**PROBLEM TO SOLVE**
The full set of entries below, restated word for word and stripped of images, is the expected result.

(Items from a dataset)
___

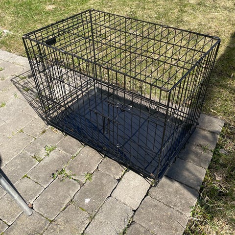 Sammenleggbar hundebur i metall i svart farge. Buret har nettingkonstruksjon med håndtak på toppen for enkel bæring. Bunnen består av et uttakbart brett som gjør rengjøring enklere. Buret kan foldes helt sammen for plassbesparende oppbevaring når det ikke er i bruk. Egnet til transport eller som hvileplass for hund, avhengig av størrelse på dyret og buret.
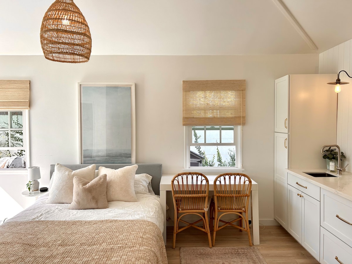 This is a comfy little studio attached to the main front property. You would have complete privacy with a private entrance and self-check in. The studio has a standard queen size bed (60x80in), bathroom, closet space, small dining table & a desk/office space. There is not a full kitchen, but the room has a mini fridge, microwave & k-cap machine. -Good for business travelers & solo adventurers -Free parking available on the premises
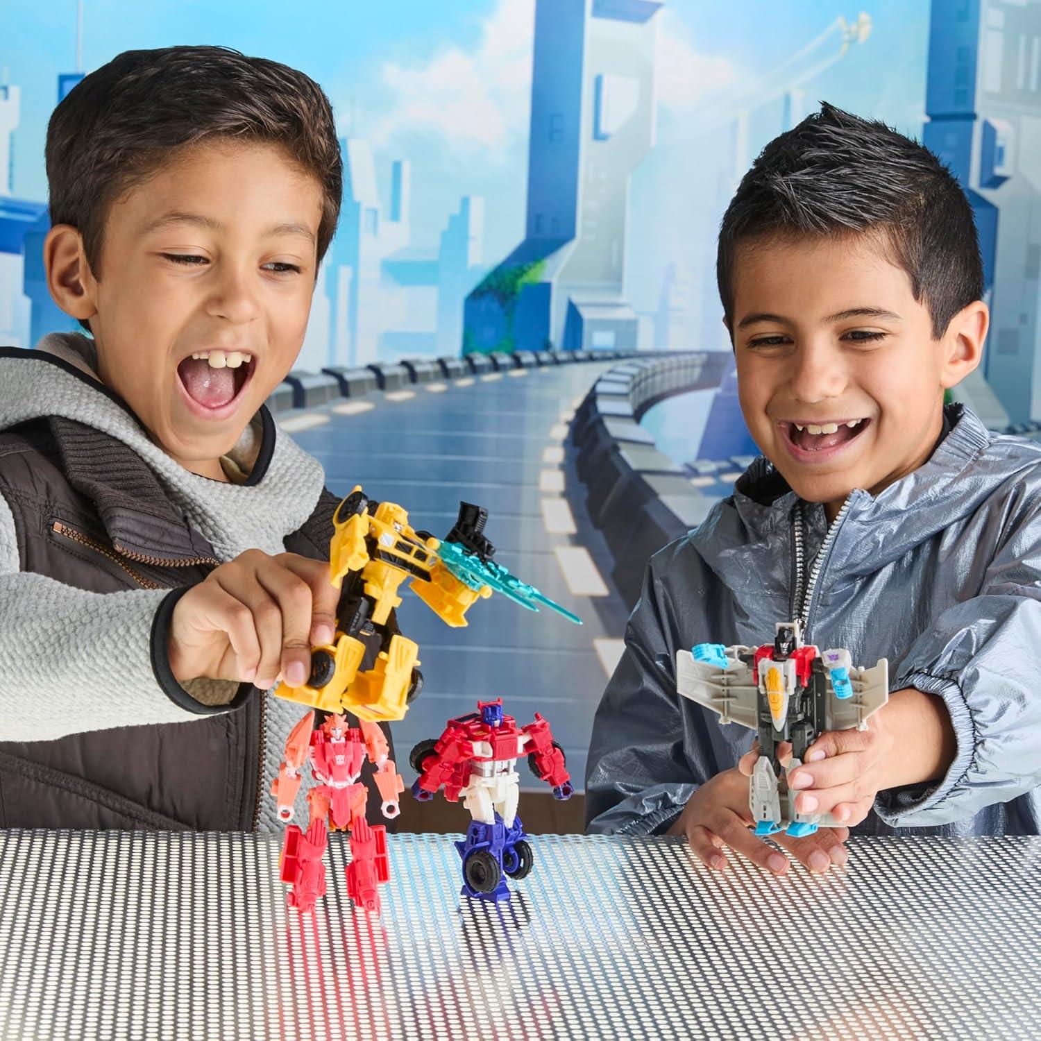 In Transformers CYBERWORLD, kids decide what happens — and it starts with awesome toys like the Optimus Prime Cyber Changers figure. This 4-inch (10 cm) Optimus Prime toy changes from robot to truck mode in just 4 steps that are simple enough for kids ages 6 and up. Give kids’ storytelling power a boost with additional CYBERWORLD toys (each sold separately, subject to availability), and discover unique characters, alt modes, environments, and more. Fans of Transformers collectibles and newcomers alike will love discovering this take on the Transformers universe, where the only constant is change. TRANSFORMERS and HASBRO and all related trademarks and logos are trademarks of Hasbro, Inc. There's a Transformers figure for every kid or collector. From big converting action figures to miniature battling robots to figures that change between modes in 1 step, you can team up with Transformers toys to create your own incredible adventures. Whether you're defending Earth with the Autobots, or conquering space with the Decepticons, the action is up to you. Transformers is a world-famous entertainment brand with 30 years of history, blockbuster movies, hit television shows and countless novels and comic books. With Transformers robot toys, you can create your own chapters in this epic, ongoing story. Transformers and all related characters are trademarks of Hasbro. This copy is intended as placeholder text only and is not representative of individual items in the line. Hasbro and all related terms are trademarks of Hasbro.
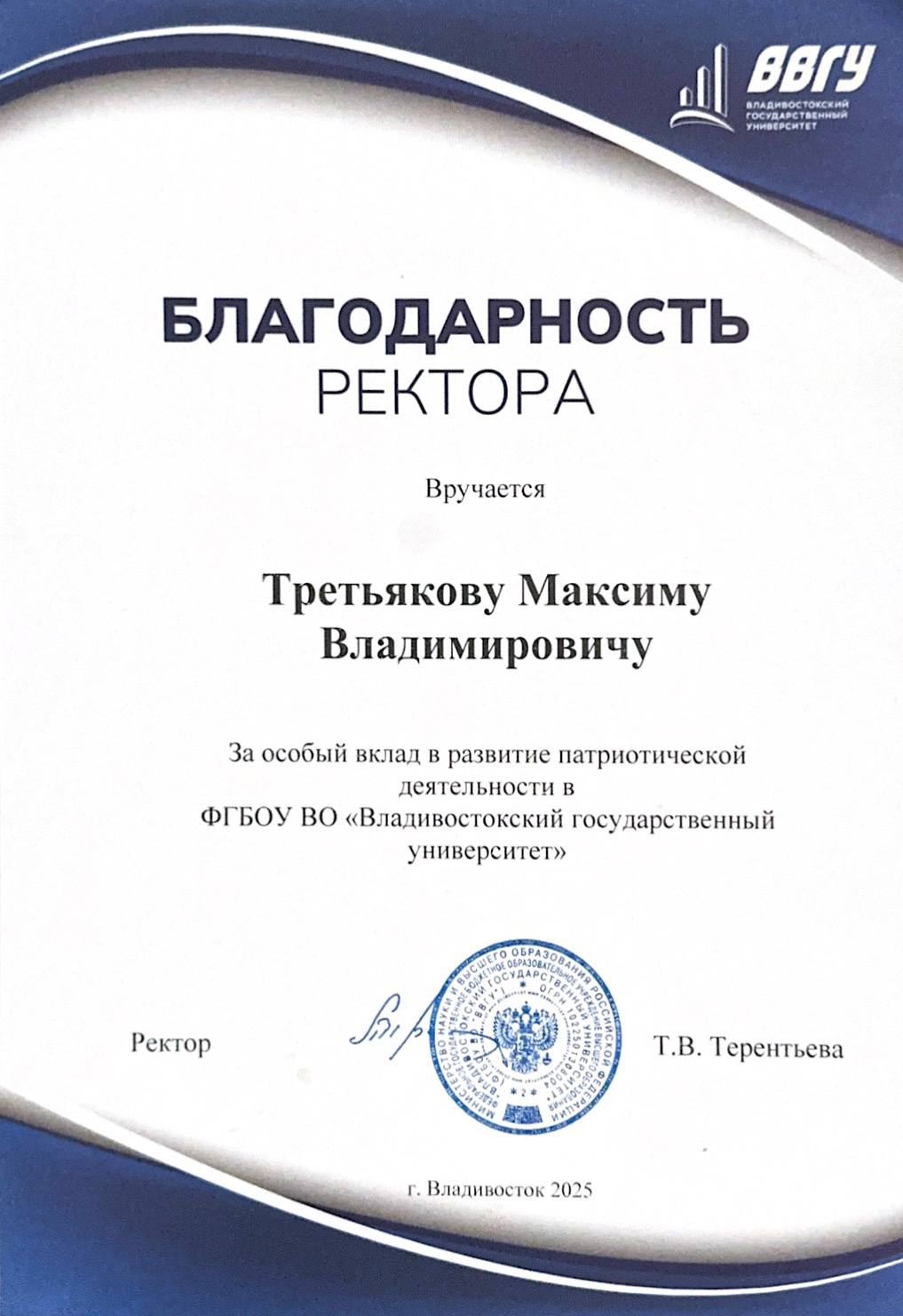 За особый вклад в развитие патриотической деятельности ФГБОУ ВО "Владивостокский государственный университет" | Внутривузовский | 01.10.2024 - 30.06.2025 | Участник |
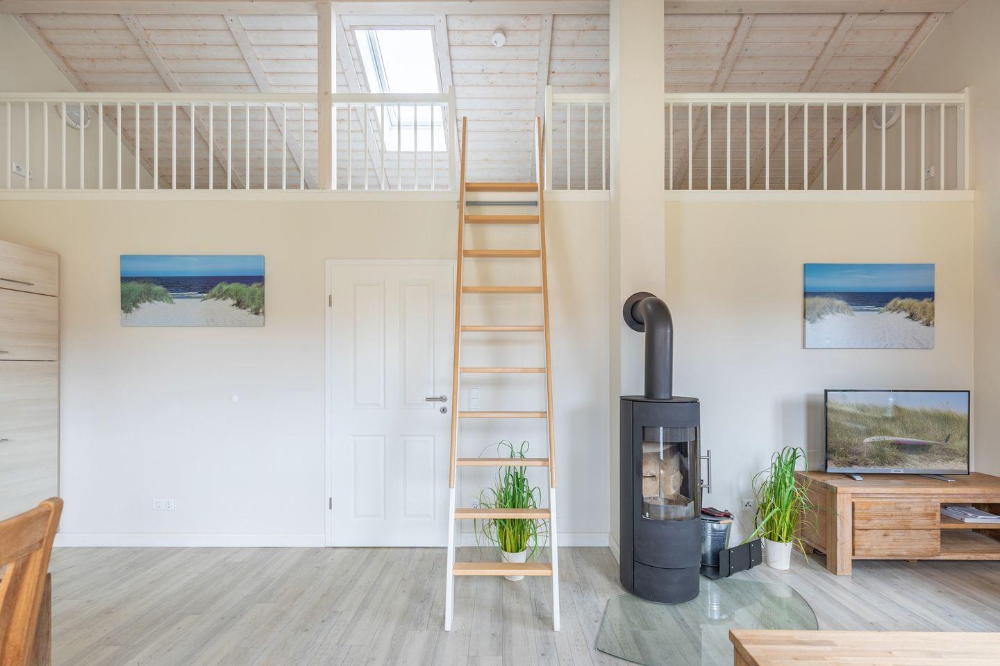 Das 50 m² große Ferienhaus überzeugt mit modernem Komfort und stilvollem skandinavischem Charme. Im Schlafzimmer erwartet Sie ein komfortables Doppelbett (180 × 200 cm), das für erholsame Nächte sorgt. Die Fenster sind mit Fliegengitter versehen. Das gemütliche Wohnzimmer ist mit einer bequemen Sofaecke und SAT-TV ausgestattet. An kühleren Tagen schafft der Kaminofen eine behagliche Atmosphäre.
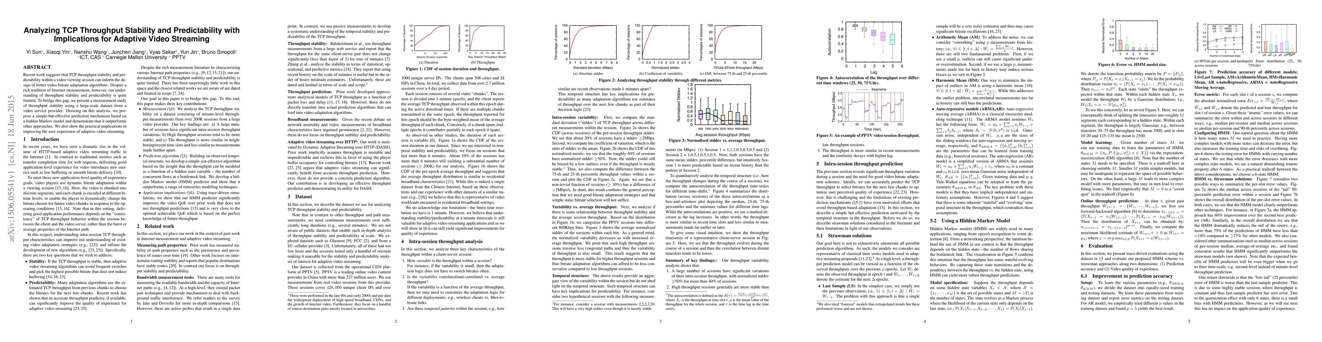 This paper measures TCP throughput stability and predictability using a large dataset from a video service provider, proposing a hidden Markov model-based prediction mechanism that outperforms other methods. The findings suggest improved adaptive video streaming bitrate adaptation can enhance user experience.
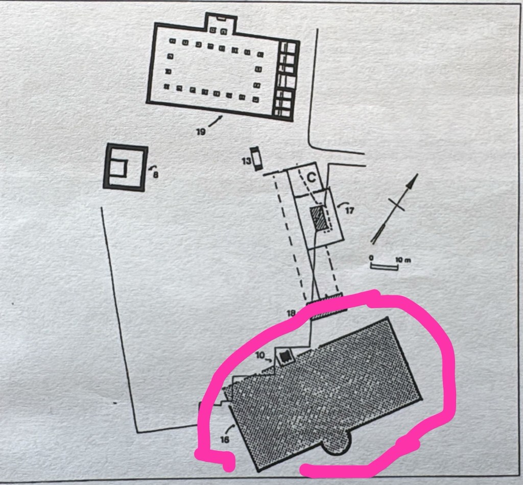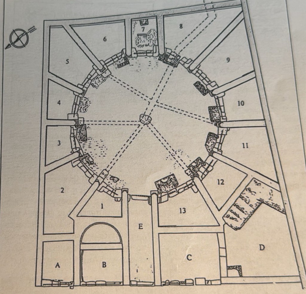 In the elongated room to the left of the entrance is a latrine with a deep cesspool, the filling of which yielded numerous materials. The construction dates to the 2nd-3rd century AD.
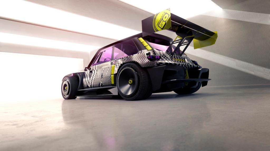 Keineswegs nostalgisch ist der ebenfalls an den Renault 5 Turbo 2 erinnernde Lufteinlass auf der Motorhaube – er beherbergt die Ladebuchse für die leistungsstarke Batterie. Durchsichtige Karosserieteile – unter anderem über den Rückleuchten – erlauben den unverstellten Blick auf die Antriebstechnik des Showcars.
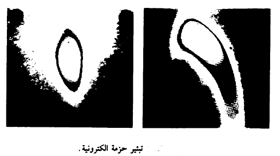 نبين في الشكل (2) صورتين تلفازيتين لمقطعين عرضيين لحزمتين إحداهما جيدة التبئير (إلى اليسار) والأخرى رديئة التبئير (إلى اليمين) وذلك بسبب مفعول التخلف. ويبلغ قطر الحزمة 250 ميكرون. ويمكن التحكم في تأثير الحقل المتخلف عن طريق محاولات التجربة والخطأ بحيث نستطيع في النهاية أن نوجه حزمة الشعاع بحيث يصبح هذا التأثير أقل ما يمكن.

___

**COMPLETED TASK**
 Sammenleggbar hundebur i metall i svart farge. Buret har nettingkonstruksjon med håndtak på toppen for enkel bæring. Bunnen består av et uttakbart brett som gjør rengjøring enklere. Buret kan foldes helt sammen for plassbesparende oppbevaring når det ikke er i bruk. Egnet til transport eller som hvileplass for hund, avhengig av størrelse på dyret og buret.
 This is a comfy little studio attached to the main front property. You would have complete privacy with a private entrance and self-check in. The studio has a standard queen size bed (60x80in), bathroom, closet space, small dining table & a desk/office space. There is not a full kitchen, but the room has a mini fridge, microwave & k-cap machine. -Good for business travelers & solo adventurers -Free parking available on the premises
 In Transformers CYBERWORLD, kids decide what happens — and it starts with awesome toys like the Optimus Prime Cyber Changers figure. This 4-inch (10 cm) Optimus Prime toy changes from robot to truck mode in just 4 steps that are simple enough for kids ages 6 and up. Give kids’ storytelling power a boost with additional CYBERWORLD toys (each sold separately, subject to availability), and discover unique characters, alt modes, environments, and more. Fans of Transformers collectibles and newcomers alike will love discovering this take on the Transformers universe, where the only constant is change. TRANSFORMERS and HASBRO and all related trademarks and logos are trademarks of Hasbro, Inc. There's a Transformers figure for every kid or collector. From big converting action figures to miniature battling robots to figures that change between modes in 1 step, you can team up with Transformers toys to create your own incredible adventures. Whether you're defending Earth with the Autobots, or conquering space with the Decepticons, the action is up to you. Transformers is a world-famous entertainment brand with 30 years of history, blockbuster movies, hit television shows and countless novels and comic books. With Transformers robot toys, you can create your own chapters in this epic, ongoing story. Transformers and all related characters are trademarks of Hasbro. This copy is intended as placeholder text only and is not representative of individual items in the line. Hasbro and all related terms are trademarks of Hasbro.
 За особый вклад в развитие патриотической деятельности ФГБОУ ВО "Владивостокский государственный университет" | Внутривузовский | 01.10.2024 - 30.06.2025 | Участник |
 Das 50 m² große Ferienhaus überzeugt mit modernem Komfort und stilvollem skandinavischem Charme. Im Schlafzimmer erwartet Sie ein komfortables Doppelbett (180 × 200 cm), das für erholsame Nächte sorgt. Die Fenster sind mit Fliegengitter versehen. Das gemütliche Wohnzimmer ist mit einer bequemen Sofaecke und SAT-TV ausgestattet. An kühleren Tagen schafft der Kaminofen eine behagliche Atmosphäre.
 This paper measures TCP throughput stability and predictability using a large dataset from a video service provider, proposing a hidden Markov model-based prediction mechanism that outperforms other methods. The findings suggest improved adaptive video streaming bitrate adaptation can enhance user experience.
 In the elongated room to the left of the entrance is a latrine with a deep cesspool, the filling of which yielded numerous materials. The construction dates to the 2nd-3rd century AD.
 Keineswegs nostalgisch ist der ebenfalls an den Renault 5 Turbo 2 erinnernde Lufteinlass auf der Motorhaube – er beherbergt die Ladebuchse für die leistungsstarke Batterie. Durchsichtige Karosserieteile – unter anderem über den Rückleuchten – erlauben den unverstellten Blick auf die Antriebstechnik des Showcars.
 نبين في الشكل (2) صورتين تلفازيتين لمقطعين عرضيين لحزمتين إحداهما جيدة التبئير (إلى اليسار) والأخرى رديئة التبئير (إلى اليمين) وذلك بسبب مفعول التخلف. ويبلغ قطر الحزمة 250 ميكرون. ويمكن التحكم في تأثير الحقل المتخلف عن طريق محاولات التجربة والخطأ بحيث نستطيع في النهاية أن نوجه حزمة الشعاع بحيث يصبح هذا التأثير أقل ما يمكن.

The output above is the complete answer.